§ **WHAT YOU ARE ASKED TO DO**:
Each entry that follows should be given again word for word; please leave out its pictures.

§ **SOURCE MATERIAL**:

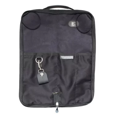 3 pockets for drumsticks, and a leather key holder. Vintage black leather.
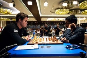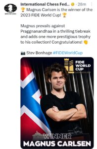 ಎಲ್ಲರ ಚಿತ್ತ ಚೆಸ್ ವಿಶ್ವಕಪ್ ನತ್ತ. ಅತೀವ ಕುತೂಹಲ ಮೂಡಿಸಿದ್ದ ಚೆಸ್ ವಿಶ್ವಕಪ್-2023 ಪಂದ್ಯಾವಳಿಯು ಗುರುವಾರ ನಡೆದ ಫೈನಲ್ ಟೈ ಬ್ರೇಕರ್ ಸ್ಪರ್ಧೆಯಲ್ಲಿ ಭಾರತದ ಆರ್. ಪ್ರಜ್ಞಾನಂದ ಎರಡೂ ಸುತ್ತಿನಲ್ಲೂ ಸೋಲು ಅನುಭವಿಸಿ ನಿರಾಸೆ ಅನುಭವಿಸಿದ್ದು, ಮ್ಯಾಗ್ನಸ್ ಕಾರ್ಲ್ಸನ್ ವಿಶ್ವ ಕಪ್ ಗೆಲ್ಲುವ ಮೂಲಕ ದಾಖಲೆ ಬರೆದಿದ್ದಾರೆ.
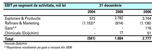Cresterea EBIT (Profitul brut) în 2006 pâna la 2.777 mil lei (+47%) a fost determinata de cresterea rezultatului în activitatea de E&P (Explorare si Productie), cat si de cresterea vânzarilor. Rezultatele au fost influentate negativ de elementele speciale în valoare de 324 mil lei. Contributia E&P la EBIT a crescut semnificativ la 3.744 mil lei (2005: 2.782 mil lei) în principal din cauza preturilor mai ridicate la titei si în mai mica masura datorita cresterii pretului gazelor.
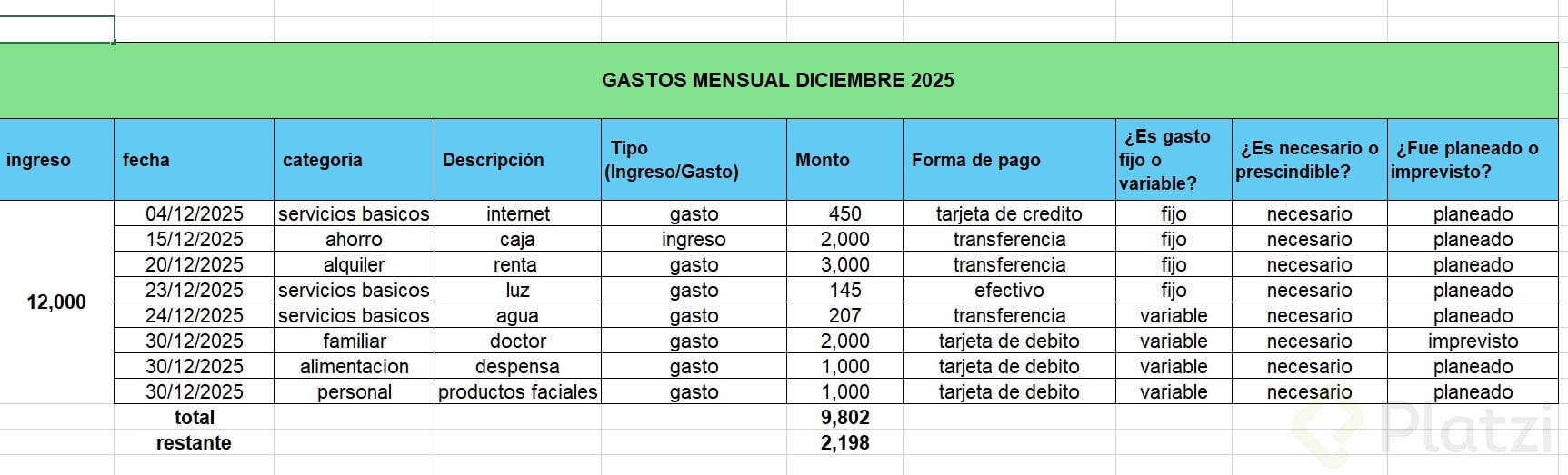 Cuando apliques estas recomendaciones en tu archivo de finanzas, ten en cuenta:
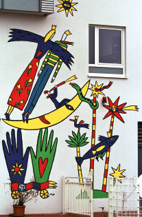 Von der Künstlerin Kitty Kahane gestaltete Fassade des Tiele-Winckler-Hauses in Berlin-Hellersdorf.
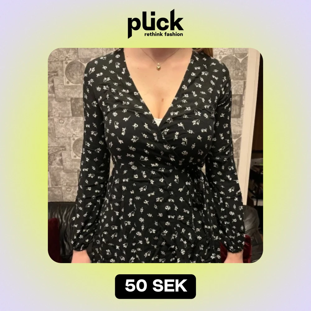Omlottklänning svart med vita blommor, fungerar även som tunika, storlek 34. Prisförslag. Frakt tillkommer
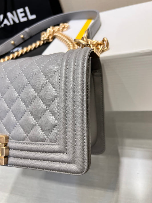 BOY BAG MEDIUM 25 GREY CAVIAR GOLD HARDWARE
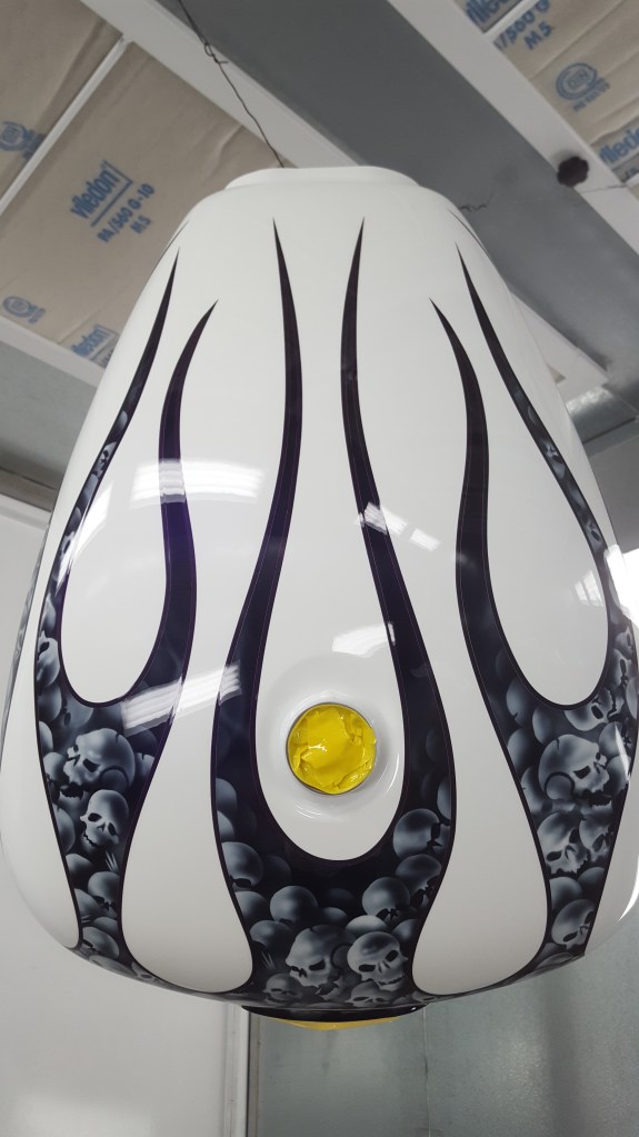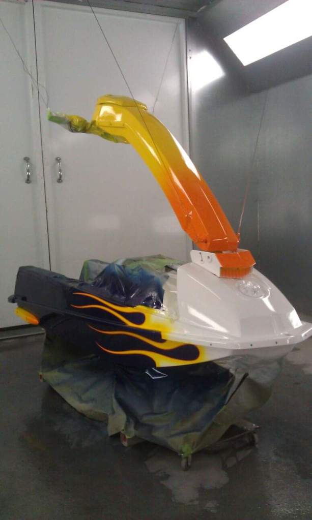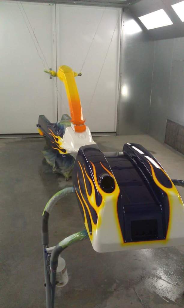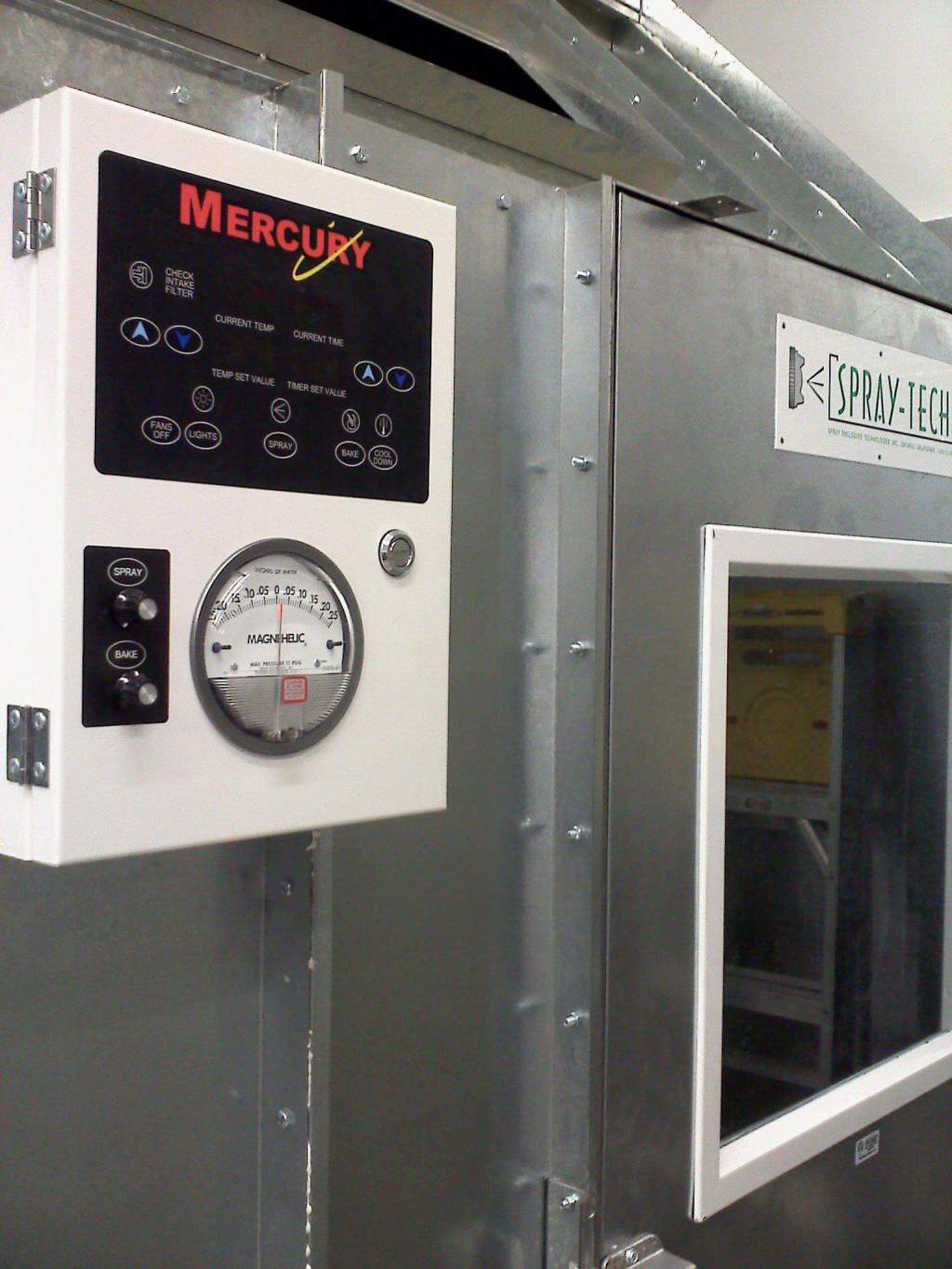 Our facility has a Spray Tech side down draft paint booth, 14 feet wide by 24 feet long with adjustable 24 inch dual Dayton tubeaxial fans and a one million BTU propane fired furnace to paint at any temperature. If necessary it can bake a paint job at 140 degrees when it is 20 below…
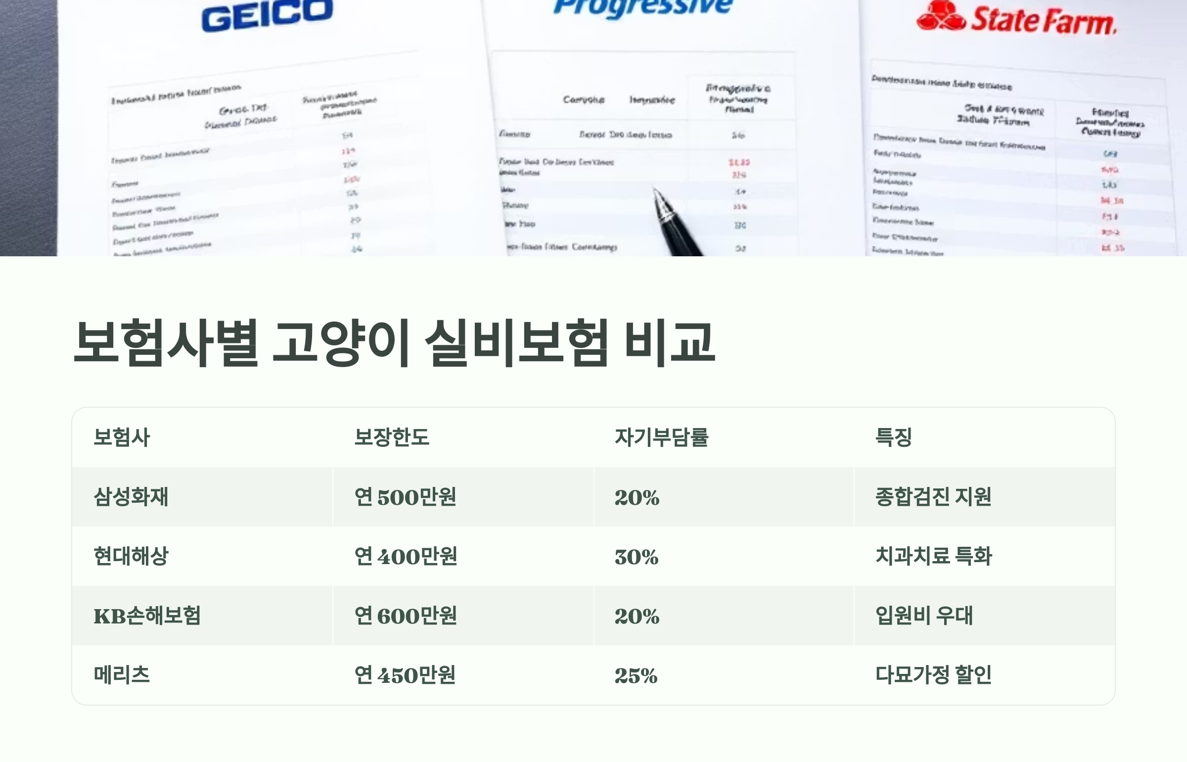 다음은 실제 고양이 실비보험 상품을 보험사별로 비교 분석해드릴게요! 📊🐱
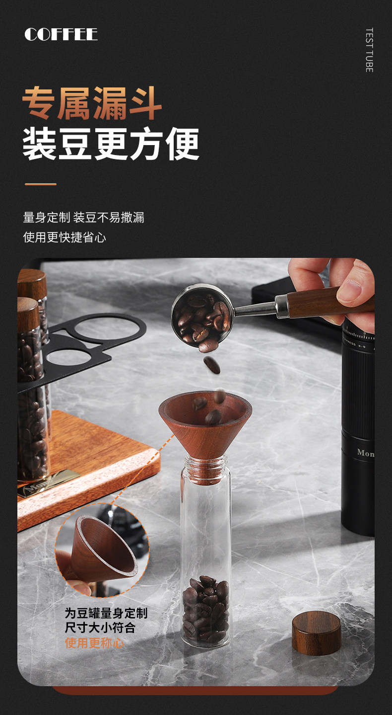 | Color Classification | Coffee Bean Storage Rack 8 Pieces - Free Solid Wood Funnel,Coffee Bean Storage Rack 8 Pieces - Free Solid Wood Funnel + Walnut Measuring Spoon,Coffee Bean Storage Rack 8-Pack - Includes Solid Wood Funnel + Walnut Wood Weighing Tray |
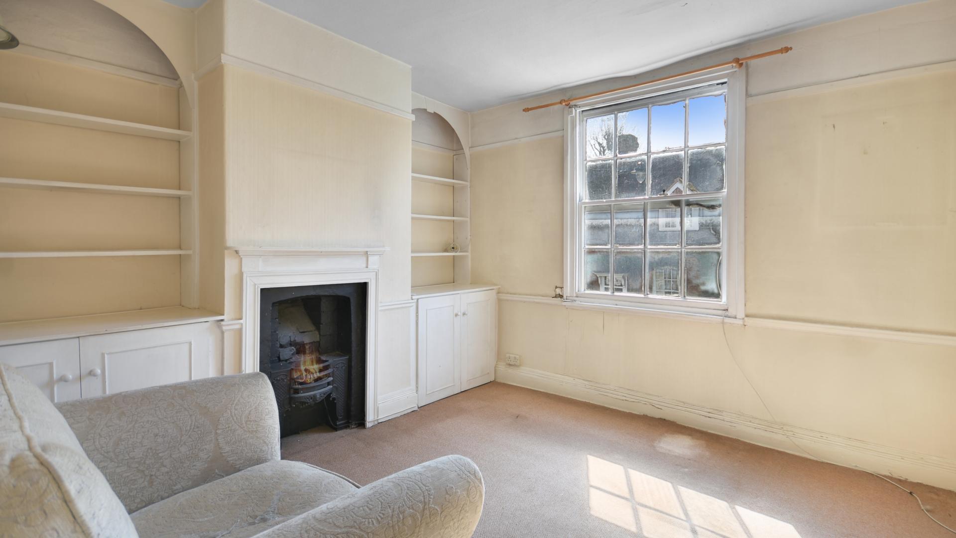 An attached Grade II listed Georgian townhouse, now offering scope to refurbish, a short distance from the tree lined High St. Sitting room with open fire, kitchen/dining room, 3 bedrooms arranged over 2 floors and spacious bathroom. Courtyard garden with useful brick store. Chain free.

§ **RESPONSE AREA**:
 3 pockets for drumsticks, and a leather key holder. Vintage black leather.
 ಎಲ್ಲರ ಚಿತ್ತ ಚೆಸ್ ವಿಶ್ವಕಪ್ ನತ್ತ. ಅತೀವ ಕುತೂಹಲ ಮೂಡಿಸಿದ್ದ ಚೆಸ್ ವಿಶ್ವಕಪ್-2023 ಪಂದ್ಯಾವಳಿಯು ಗುರುವಾರ ನಡೆದ ಫೈನಲ್ ಟೈ ಬ್ರೇಕರ್ ಸ್ಪರ್ಧೆಯಲ್ಲಿ ಭಾರತದ ಆರ್. ಪ್ರಜ್ಞಾನಂದ ಎರಡೂ ಸುತ್ತಿನಲ್ಲೂ ಸೋಲು ಅನುಭವಿಸಿ ನಿರಾಸೆ ಅನುಭವಿಸಿದ್ದು, ಮ್ಯಾಗ್ನಸ್ ಕಾರ್ಲ್ಸನ್ ವಿಶ್ವ ಕಪ್ ಗೆಲ್ಲುವ ಮೂಲಕ ದಾಖಲೆ ಬರೆದಿದ್ದಾರೆ.
Cresterea EBIT (Profitul brut) în 2006 pâna la 2.777 mil lei (+47%) a fost determinata de cresterea rezultatului în activitatea de E&P (Explorare si Productie), cat si de cresterea vânzarilor. Rezultatele au fost influentate negativ de elementele speciale în valoare de 324 mil lei. Contributia E&P la EBIT a crescut semnificativ la 3.744 mil lei (2005: 2.782 mil lei) în principal din cauza preturilor mai ridicate la titei si în mai mica masura datorita cresterii pretului gazelor.
 Cuando apliques estas recomendaciones en tu archivo de finanzas, ten en cuenta:
 Von der Künstlerin Kitty Kahane gestaltete Fassade des Tiele-Winckler-Hauses in Berlin-Hellersdorf.
Omlottklänning svart med vita blommor, fungerar även som tunika, storlek 34. Prisförslag. Frakt tillkommer
 BOY BAG MEDIUM 25 GREY CAVIAR GOLD HARDWARE
 Our facility has a Spray Tech side down draft paint booth, 14 feet wide by 24 feet long with adjustable 24 inch dual Dayton tubeaxial fans and a one million BTU propane fired furnace to paint at any temperature. If necessary it can bake a paint job at 140 degrees when it is 20 below…
 다음은 실제 고양이 실비보험 상품을 보험사별로 비교 분석해드릴게요! 📊🐱
 | Color Classification | Coffee Bean Storage Rack 8 Pieces - Free Solid Wood Funnel,Coffee Bean Storage Rack 8 Pieces - Free Solid Wood Funnel + Walnut Measuring Spoon,Coffee Bean Storage Rack 8-Pack - Includes Solid Wood Funnel + Walnut Wood Weighing Tray |
 An attached Grade II listed Georgian townhouse, now offering scope to refurbish, a short distance from the tree lined High St. Sitting room with open fire, kitchen/dining room, 3 bedrooms arranged over 2 floors and spacious bathroom. Courtyard garden with useful brick store. Chain free.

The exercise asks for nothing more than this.